(Items from a dataset)
-- -- --

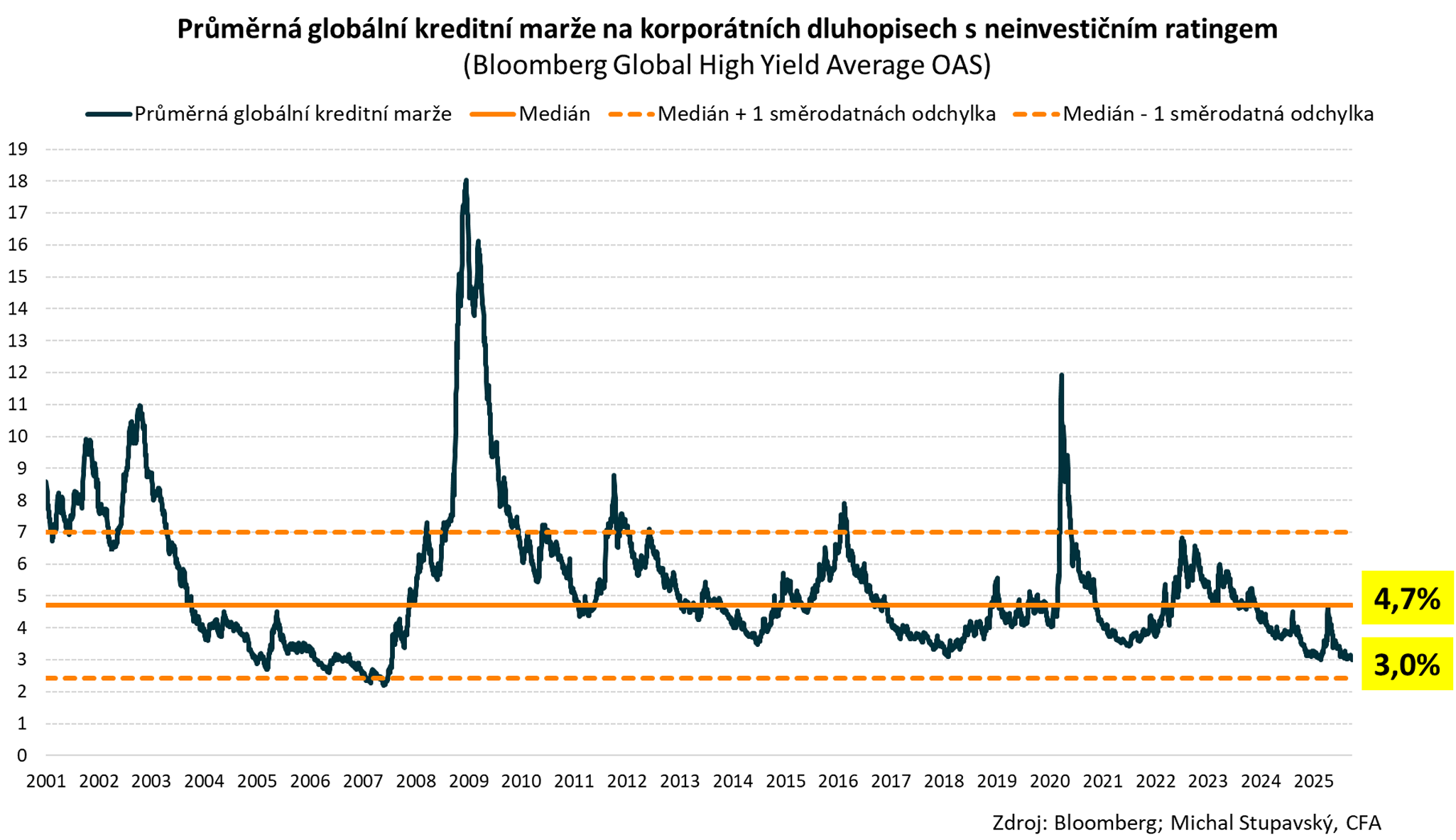 Optimismus je patrný i na dluhopisovém trhu, kde jsou ceny rovněž hnané hladem investorů za vysokými výnosy. Svědčí o tom velmi nízké kreditní spready high-yield dluhopisů. Ty poklesly na úrovně okolo 3 % a jsou nejnižší od období před finanční krizí. Samotné výnosy rizikových firemních dluhopisů jsou sice stále poměrně atraktivní (průměrně 6,7 % do splatnosti), nicméně prémie oproti státním dluhopisům jsou stlačené.
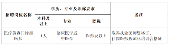 根據醫院發展需要,現面向社會招聘醫療美容門診部醫師,有關招聘事項公告如下:
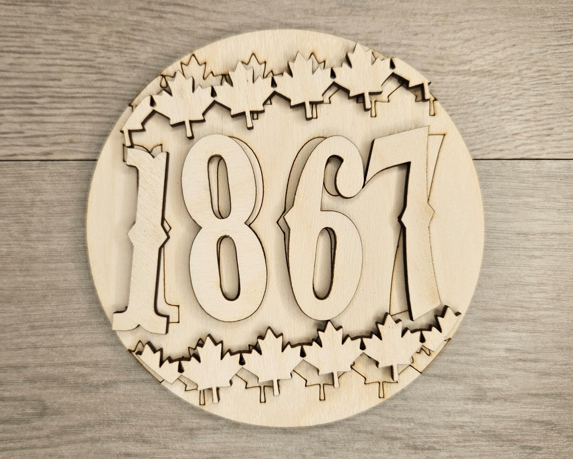 4 inch is cut on 1/8" birch, 10 inch & larger is cut on 1/4" maple
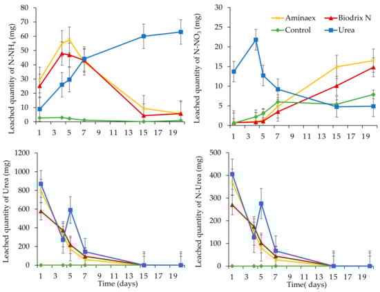 Quantity of N-NH4, N-NO3, Urea, and N-Urea in the leached solution from the peat-vermiculite-compost substrate (S2) according to the treatment and time (days). Error bars represent standard errors.
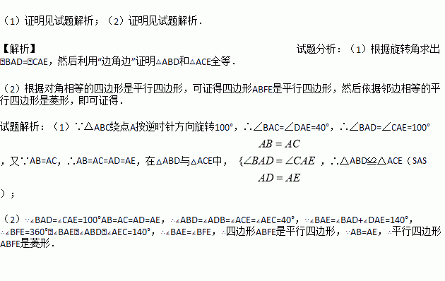 BAC=40°,将△ABC绕点A按逆时针方向旋转100°得到△ADE,连接BD,CE交于点F.
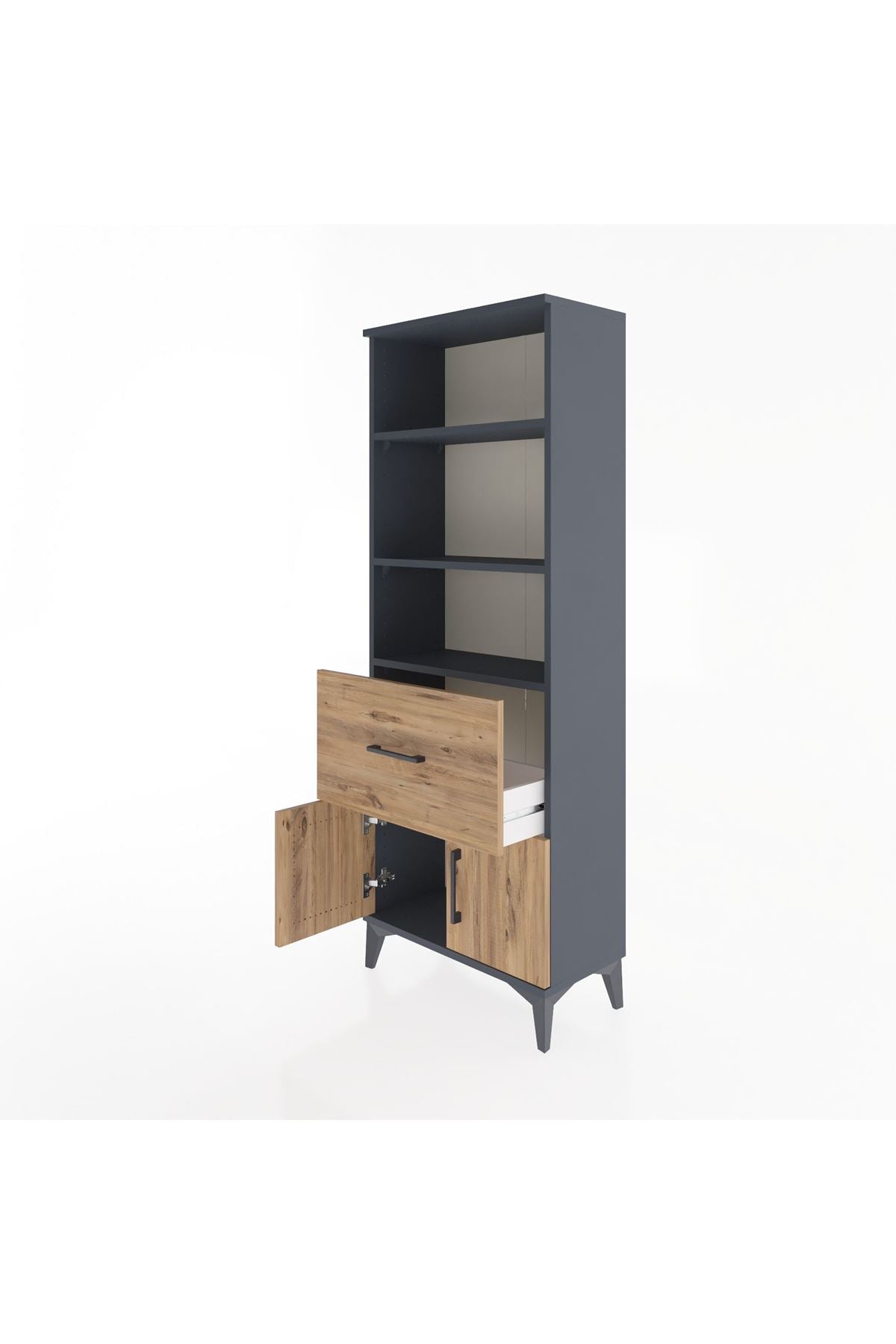 Arges Dolap 3 Raflı Tek Çekmeceli 2 Kapaklı 60x30x163 Antrasit-Çam
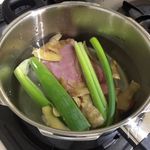 圧力鍋に豚バラ肉(ブロック)とA 生姜(あれば生姜の皮) 15~20g、長葱の青い部分 1本分 を入れ、水約1000~1200ml入れる。※豚バラ肉がぱさつかないよう、かぶるくらいの水を注いでください 圧力鍋の蓋をセットして中火~強火にかけ、高圧までピンが上がったら、ピンの高さを維持するよう火を弱め、20分加圧する。 |
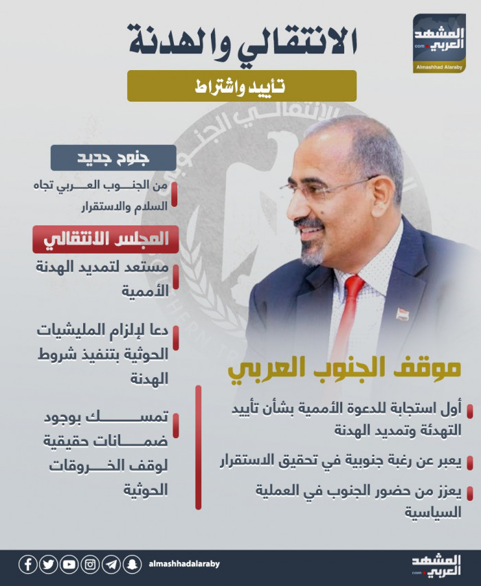 الانتقالي والهدنة.. تأييد واشتراط (إنفوجراف)
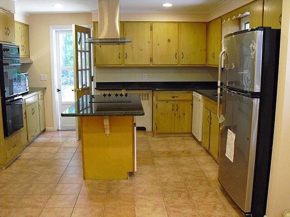 Formal dining room opens to large eat in country kitchen with granite and island.
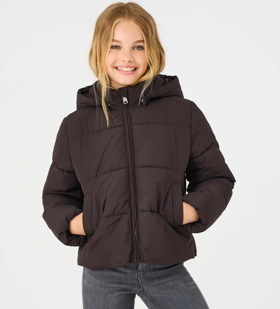 Flot Kids Only dynejakke i kraftig mørkebrun.
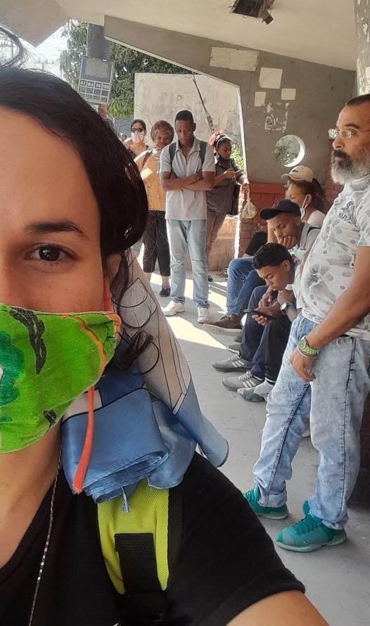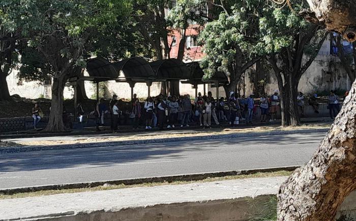 La primera y la segunda foto son de dos paradas diferentes sobre las 2:00 p.m., fuera de horario pico y repletas. La tercera imagen es de una oficina comercial de Etecsa, en Marianao. La bici que ven afuera es de una agente de telecomunicaciones que fue a depositar.
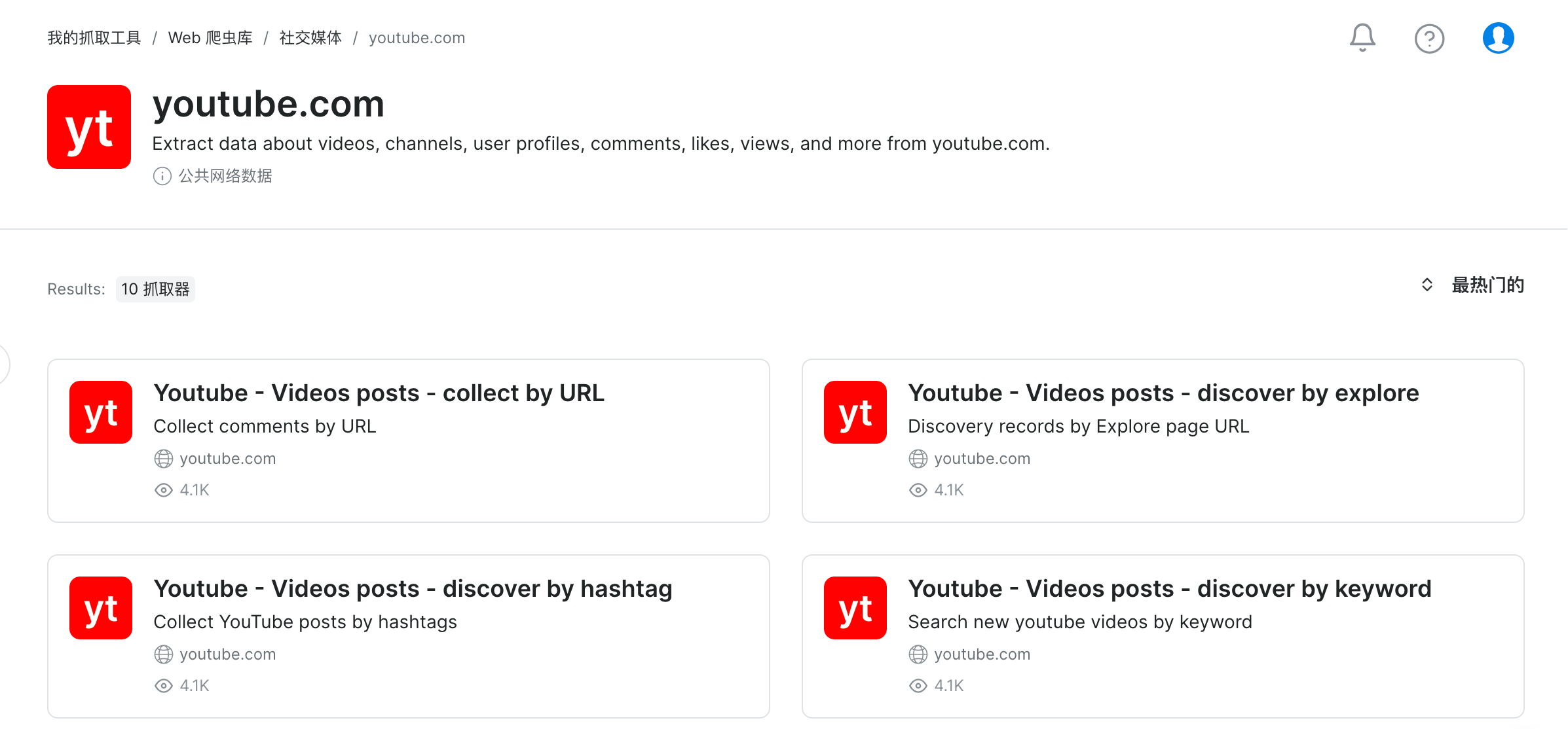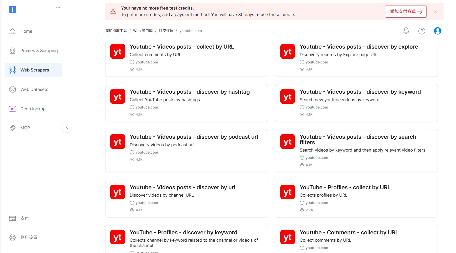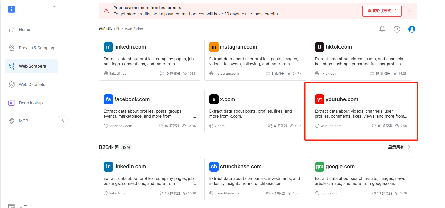 然后进入Web Scrapers菜单,这是用来配置网页采集API的功能区,油管采集模板就在这里。

-- -- --

**About this exercise**: Above, find the line with "4 inch is cut"; copy it and every line down to the line with "Quantity of N-NH4, N-NO3, Urea, and", exactly and both included, but no pictures.

**Exercise solution**:
 4 inch is cut on 1/8" birch, 10 inch & larger is cut on 1/4" maple
 Quantity of N-NH4, N-NO3, Urea, and N-Urea in the leached solution from the peat-vermiculite-compost substrate (S2) according to the treatment and time (days). Error bars represent standard errors.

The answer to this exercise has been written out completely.